Inconsistent SignIn a competitive environment, ensuring that our organisations offer good customer service can help create a real competitive advantage.  Understandably, organisations of all sizes—from midsized to multinational—have spent time re-designing their processes and considering the journey that their customers go through when interacting with the company.  Providing a slick, informative and helpful service that meets the needs of our customers will make it more likely that they come back to us.   Customer experience can be examined from many different angles; this article considers the consistency of experience.

 

Offering an experience that is both good and consistent is crucial.  It is extremely frustrating, as a customer, when a company offers an excellent experience one day but a mediocre one the next.   When we provide a great customer experience, it raises the bar; quite rightly, our customers will expect a similar experience the next time.  If we fall short of this in the future, we cause disappointment and frustration. Imagine the following hypothetical example:

 

A supermarket offers a home delivery service.  Week after week, the service works well, with items being delivered on time and as expected.  The driver is always courteous, and helps the customer carry the bags into the kitchen. 

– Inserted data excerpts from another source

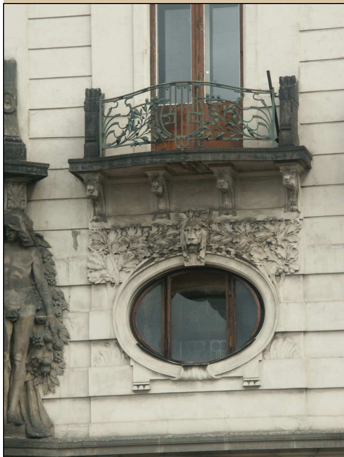
okno – celkový pohled z exteriéru

Po dokončení opravy rámu nechat restaurátorem zkontrolovat vitráž.
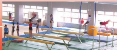
体操競技部(男女) 毎日放課後に仙台大学の施設を利用して、 明成高校と仙台大学が一緒に厳しい練習を重ねています。
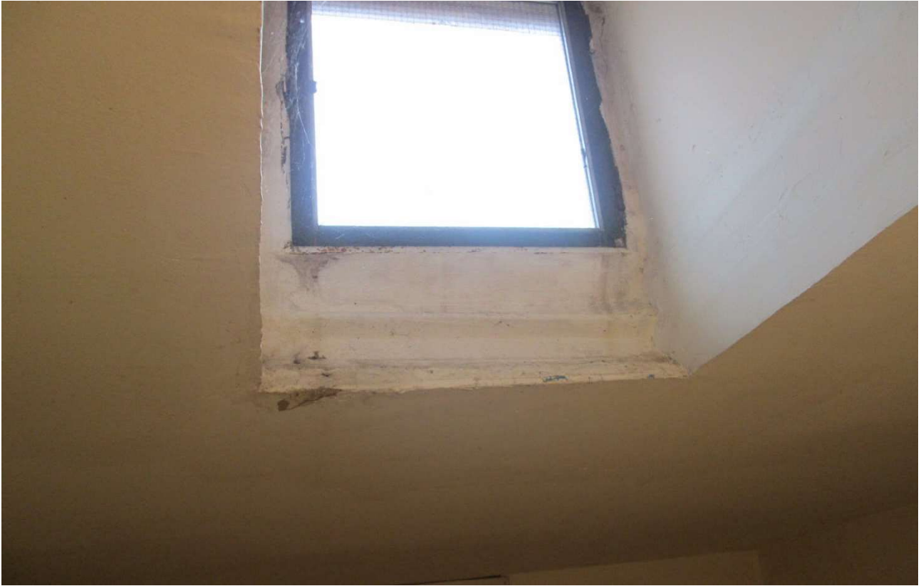
Foto 18- Abbaino nel vano finito al Piano secondo -sottotetto
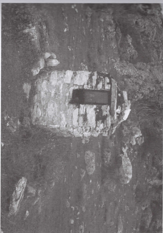
Εικόνα 1. Προοικοννητάρι δίπλα στον δρόμο κοντά στη λίμνη Κάδλια της Θεσοαίας.

Όμως, παρό τον θεσμικό και επιστημονικό προοδολογισμό και τη συνακόλουθη προσοαία της υλικότητας των μνημείων, συνεχίζει και στους πιο σύγχρονους πολιτισμούς να επιβιώνει η πλάνη αρχαϊκή διάστασή τους. Ένα προοικοννητάρι-αφιέωμα στην άκρη ενός επαγγελματικού δρόμου (εικόνα 1) δεν έχει ουδέμια θεσμική κατοχύρωση ή προσοαία, ουδέμια επιστημονική επένδυση. Όμως παραμένει και θα μείνει ανέγγιχτο λόγω του συλλογικού σεβασμού που συγκεντρώνει. Είναι ένα μνημείο in context (δηλαδή ενσωματωμένο στο πολιτιστικό περιβάλλον του), στο οποίο παρέχεται μια άτυπη «εθμική» προσοαία. Μνημείο είναι επίσης το θεσμικά προσοατευμένο (με βάση εξαιρετικά αυστηρούς νόμους) και επιστημονικά τεκμηριωμένο (με βάση επίσης αυστηρά μεθοδολογικά κριτήρια) κτίριο ή έργο τέχνης. Όταν συνταιριάζουν αυτά τα δύο, δηλαδή
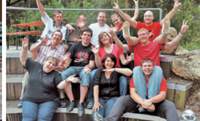
EINE IDEE LEBT
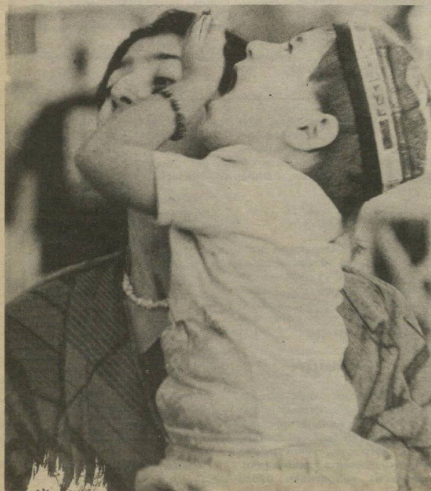
— ОҲ, УЙҚУ БИРАМ ШИРИН

One week, the driver is rushed and unable to help the customer carry their bags into the house (“We don’t actually have to do that…”).  The customer realises, in the rush, that a bag has been missed.  The customer rings the call centre, and after a protracted discussion, the call centre agent issues a refund… but this leaves the customer in a situation where they have to go and visit a supermarket to obtain the missing items, even though they had opted for home delivery.

This inconsistency in experience, if it persists (even occasionally), may convince the customer to change to a different supplier.